Advertisement

Pilot in Stunt Case May Get Wings Clipped

Share
Times Staff Writer

Federal aviation officials said Monday that they plan to suspend for 180 days the license of a top test pilot accused last month of performing stunts in a World War II fighter plane that posed a “collision hazard” to a commuter airliner.

The Federal Aviation Administration identified the accused flier as Skip J. Holm, a decorated Vietnam combat pilot who flew stunts for the movie, “The Right Stuff,” and works in Lockheed Corp.’s classified projects section.

Piloting a P-51C Mustang on Jan. 29, Holm allegedly performed a series of “spiraling and rolling maneuvers” and came within half a mile of a twin-engine Skywest Metroliner that was on an instrument-landing approach to Burbank Airport, FAA officials said.

Advertisement

A Skywest spokesman, Dan Rymer, reported the Mustang came “close enough to startle the (Metroliner’s) crew. The P-51 climbed vertically from about 4,500 feet, did a full roll at 5,300, then dove out of sight through a cloud bank. . . . Thirty seconds later, our pilot saw it rolling and climbing back up through the cloud deck, and then spiraling back down through it again.”

Skywest Flight 1606, carrying three passengers and a two-man crew, “flew a detour” to avoid the P-51 and landed uneventfully, Rymer said.

The FAA’s regional counsel, DeWitte T. Lawson Jr., last week sent Holm a “notice of proposed certificate action,” accusing him of performing acrobatics over a heavily populated area and of operating “an aircraft so close to another aircraft as to create a collision hazard.”

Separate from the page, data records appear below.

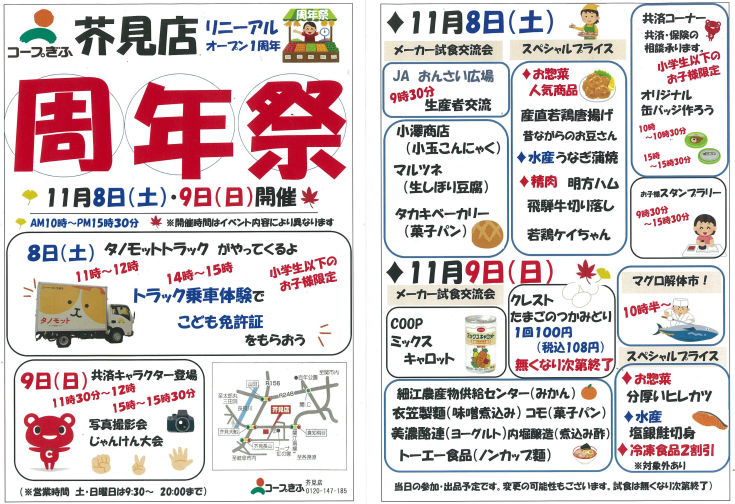 日頃のご愛顧に感謝を込めて、芥見店ではリニューアルオープン1周年を記念した「周年祭」を開催いたします。ご家族皆さまで楽しめるイベントやお得な商品が盛りだくさん!ぜひご来店ください!
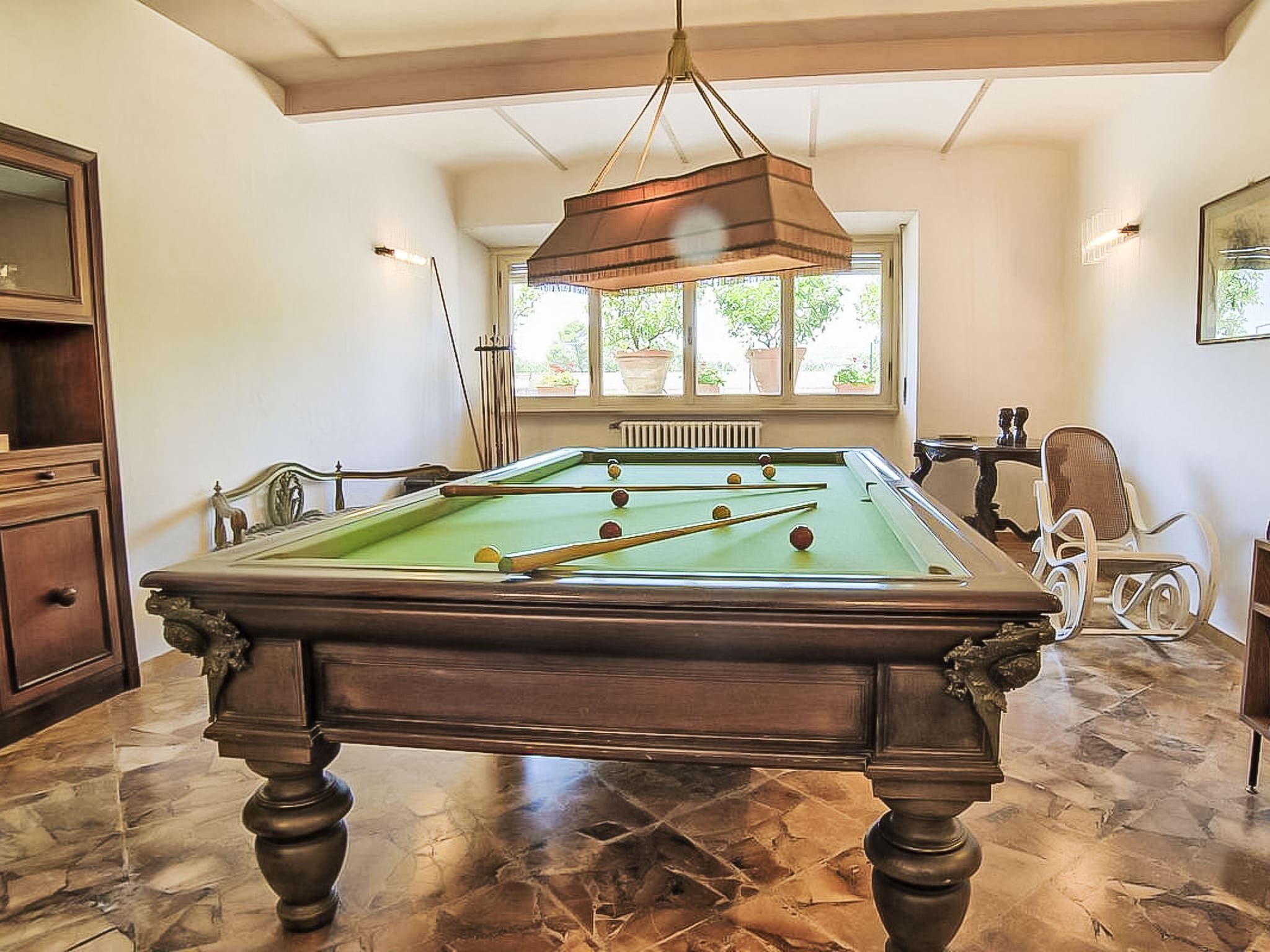 The accommodation is thoughtfully distributed across multiple levels, with the upper floors housing seven comfortable bedrooms and six well-appointed bathrooms. Several bedrooms feature private terraces, while the master suite includes a luxurious hydro massage bath. The lower ground floor houses an impressive playroom complete with billiard table and card game facilities. A particularly unique feature is the private consecrated chapel, adding historical significance to your stay. Modern amenities including complimentary WiFi and efficient laundry facilities ensure contemporary comfort throughout your visit.
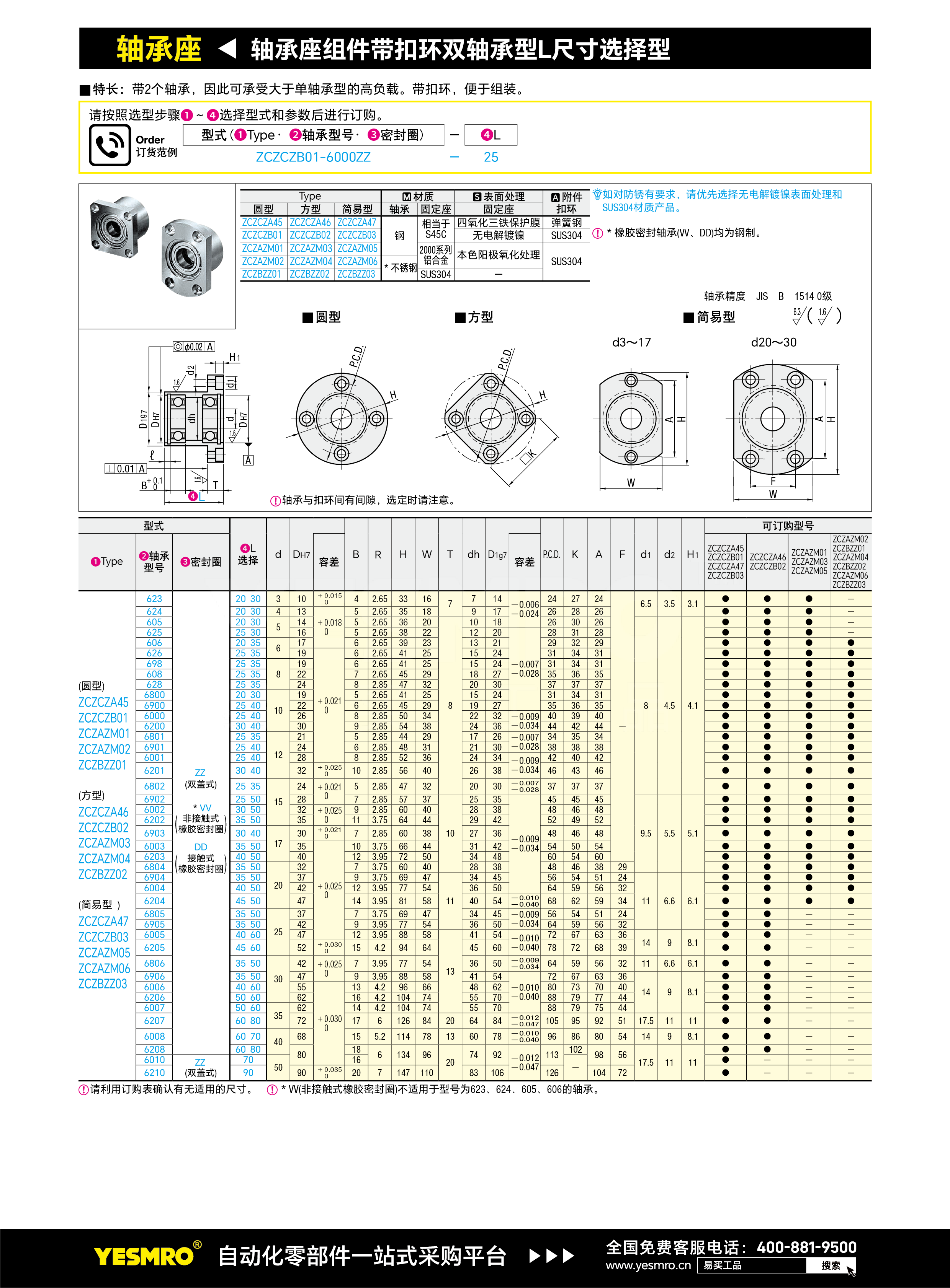 轴承座组件带扣环双轴承型L尺寸选择型
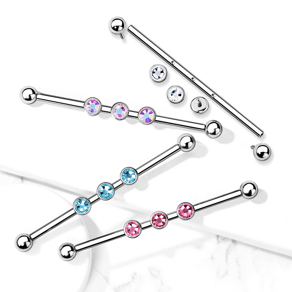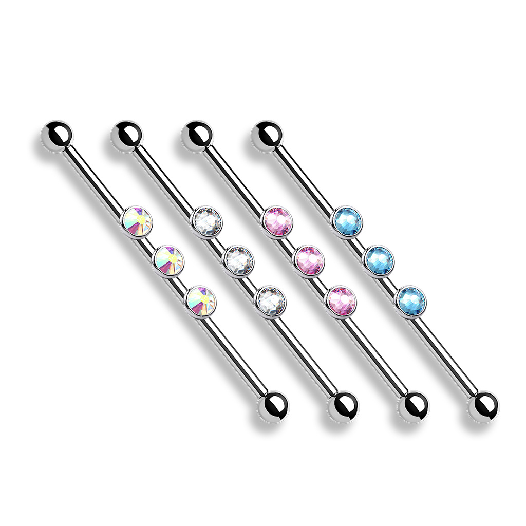 Nimi: Industrial barbelli kolmella sisäkierteisellä jalokivellä

“Your operation . . . was careless or reckless so as to endanger the life and property of another,” the notice stated.

Has 15 Days to Respond

Holm, 43, has 15 days to respond to the agency’s allegations. Meanwhile, he can continue flying.

On Monday, he denied any wrongdoing and said he plans to appeal the FAA’s action. Holm said he had a clear view of the Metroliner while he was in the air that day and never flew closer than one mile to it.

Advertisement

“I would probably agree that there would have been the potential for a midair if the airplanes had been flying head-on,” Holm said. “But we were flying 90 degrees in different directions. I think the airline guys were just a little premature in calling it what they did.”

As for allegations that he was doing spirals and rolls in the high-performance, single-engine Mustang, Holm said, “I was just taking the airplane up to warm it up.”

“I don’t blame the FAA for this,” he added. “ . . . I suppose it’s their job to crucify people.”

Could Face Jail Term

Holm’s alleged violations, meanwhile, remain under criminal investigation by the Los Angeles city attorney. If found guilty of reckless flying, Holm could face as much as six months in jail and a $1,000 fine.

FAA records show that in 1985, Holm paid a $950 fine after he was accused of performing stunts without proper permits at an air show in Bakersfield the year before. Holm was flying a F-86 jet fighter at the time.

He said Monday that he was asked to stunt-fly at the Bakersfield air show by an FAA official who was attending the event. That official, however, died of a heart attack before Holm could defend himself against charges raised by others from the agency who were present that day, Holm said.

Advertisement

“I paid the fine to get them off my back,” Holm said. “I’d go back to combat any day if I could leave these administrators to themselves.”

A member of the Society of Experimental Test Pilots, Holm spent 20 years in the Air Force and served three tours of duty flying fighter-bombers in Vietnam where, he said, he logged “almost more combat time than anybody.”